CVE-2024-46857 - Linux Kernel Crash in net/mlx5 Bridge Mode with No VFs
Published: June 2024
Exclusive Long Read by [Assistant]
A newly identified bug in the Linux kernel networking subsystem (net/mlx5) impacted users working with Mellanox/ConnectX network cards. The vulnerability, now resolved upstream, could be triggered when users tried enabling bridge mode on devices without any configured Virtual Functions (VFs). This would crash the kernel due to a NULL pointer dereference.
This post explains the vulnerability in simple terms, shows how to reproduce it, demonstrates the risk, and describes the resolution.
## What is net/mlx5 and Bridge Mode?
- net/mlx5 is the kernel networking driver for Mellanox/ConnectX family NICs.
- Bridge mode (e.g., VMware's VEPA/bridge offload) controls how the network card handles packets between virtual network functions.
- Virtual Functions (VFs) are hardware-enabled “virtual NICs” for PCIe SR-IOV, often used for high-performance virtualization.
When you configure a card for virtualization, you typically allocate VFs, and bridge mode can change how those VFs talk to each other or the outside network.

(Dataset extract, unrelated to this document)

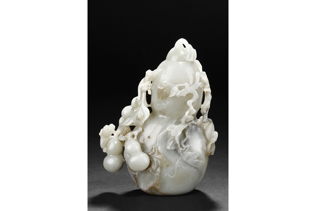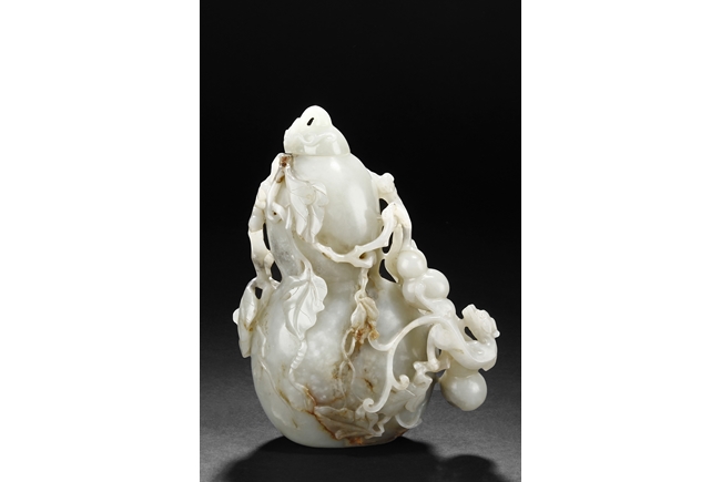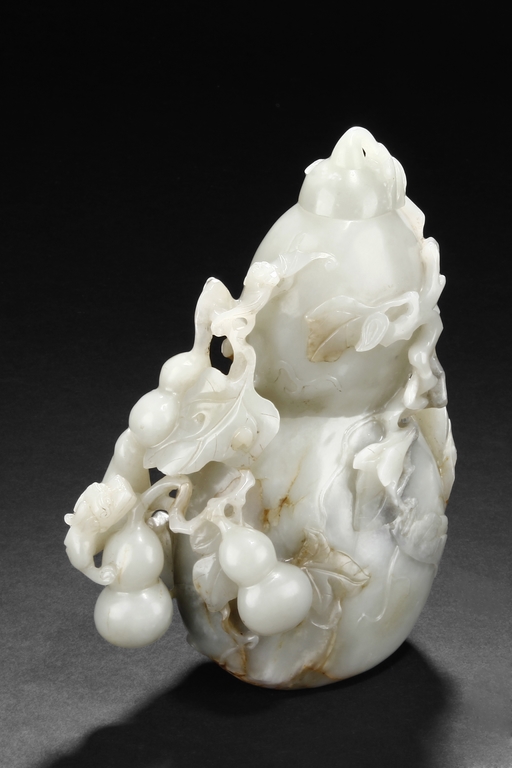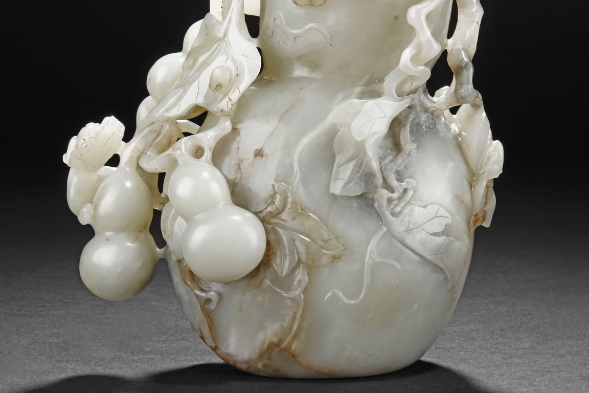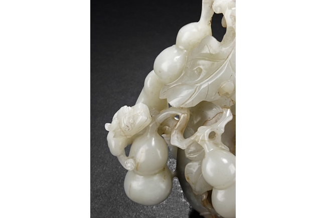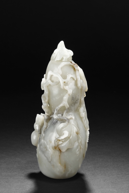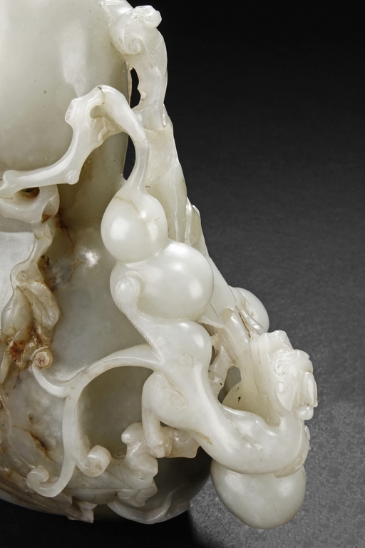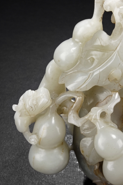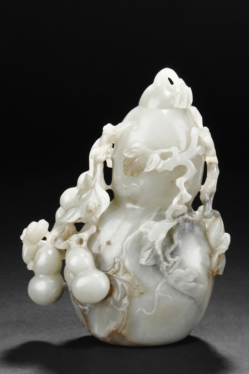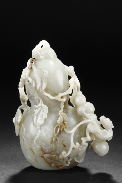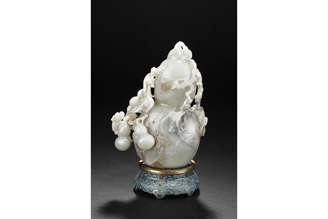 Of double-gourd form, it is supported on a gilt-bronze cloisonne enamel stand decorated with floral scroll patterns, the body is carved and pierced around the sides with trailing, leafy vines and smaller gourds, with a mythical beast crawling upon them, its tail divided to three branches. The stone is of mostly white tone with varying tone of grey and russet in some areas.

When no VFs are configured (numvfs=), if an admin runs
bridge link set dev eth2 hwmode vepa
… the kernel panics with a NULL pointer dereference, for example
[ 168.967392] BUG: kernel NULL pointer dereference, address: 000000000000003
[ 168.969989] RIP: 001:mlx5_add_flow_rules+x1f/x300 [mlx5_core]
...
[ 168.978620] _mlx5_eswitch_set_vepa_locked+x113/x230 [mlx5_core]
[ 168.979074] mlx5_eswitch_set_vepa+x7f/xa [mlx5_core]
[ 168.979471] rtnl_bridge_setlink+xe9/x1f
...
The key culprit:
esw->fdb_table.legacy.vepa_fdb is NULL when there are no VFs, but the code doesn’t check this before dereferencing.
Exploit Details: Who Could Trigger This?
- Any admin with privileges to manage networking interfaces on affected kernels (i.e., root or via sudo).
Short PoC
# On a system where eth2 is an mlx5 device with VFs...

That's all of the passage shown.